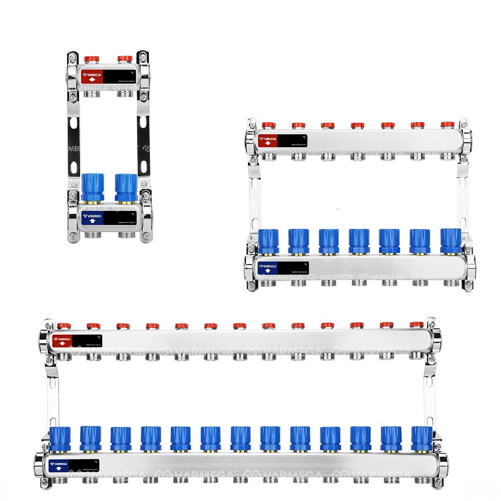 Коллекторные группы предварительной сборки из нержавеющей стали с балансировочными и термостатическими вентилями марки Varmega предназначены для распределения и регулирования потоков теплоносителя в низко- и высокотемпературных системах отопления. Оснащены балансировочными вентилями на подающем коллекторе и термостатическими вентилями с размером M30x1,5 (с возможностью установки термоэлектрических приводов) на обратном коллекторе.
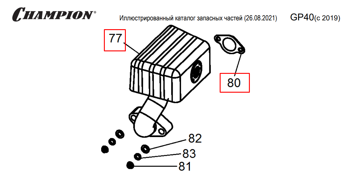 8 | ГЛУШИТЕЛЬ | Запчасти для мотопомпы чемпион | GP40 после 2019 года после s/n 23091900001 | Поставка по России | Магазин-Сервис в СПБ |
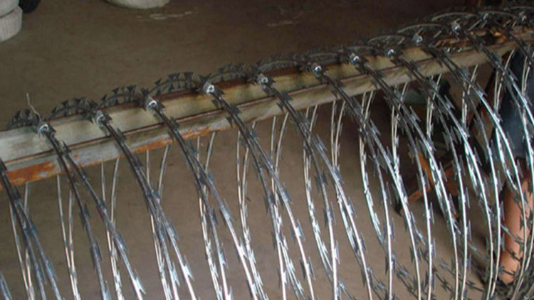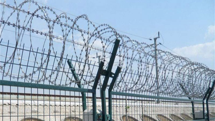 邊境270g上鋅量刺絲滾籠施工方法:清理場地確認硬化程度可直接安裝支架底盤、安裝支架、拉線布置、蛇腹形刀刺網安裝。本工程所用材料主要為蛇腹形刀刺網、安裝支架,按有關規定統一采購并運送至現場,根據施工進度運至現場安裝。

• • • •

_Exercise_
Print the material precisely as given, dropping any images it holds.

_Result of the task_
 Коллекторные группы предварительной сборки из нержавеющей стали с балансировочными и термостатическими вентилями марки Varmega предназначены для распределения и регулирования потоков теплоносителя в низко- и высокотемпературных системах отопления. Оснащены балансировочными вентилями на подающем коллекторе и термостатическими вентилями с размером M30x1,5 (с возможностью установки термоэлектрических приводов) на обратном коллекторе.
 8 | ГЛУШИТЕЛЬ | Запчасти для мотопомпы чемпион | GP40 после 2019 года после s/n 23091900001 | Поставка по России | Магазин-Сервис в СПБ |
 邊境270g上鋅量刺絲滾籠施工方法:清理場地確認硬化程度可直接安裝支架底盤、安裝支架、拉線布置、蛇腹形刀刺網安裝。本工程所用材料主要為蛇腹形刀刺網、安裝支架,按有關規定統一采購并運送至現場,根據施工進度運至現場安裝。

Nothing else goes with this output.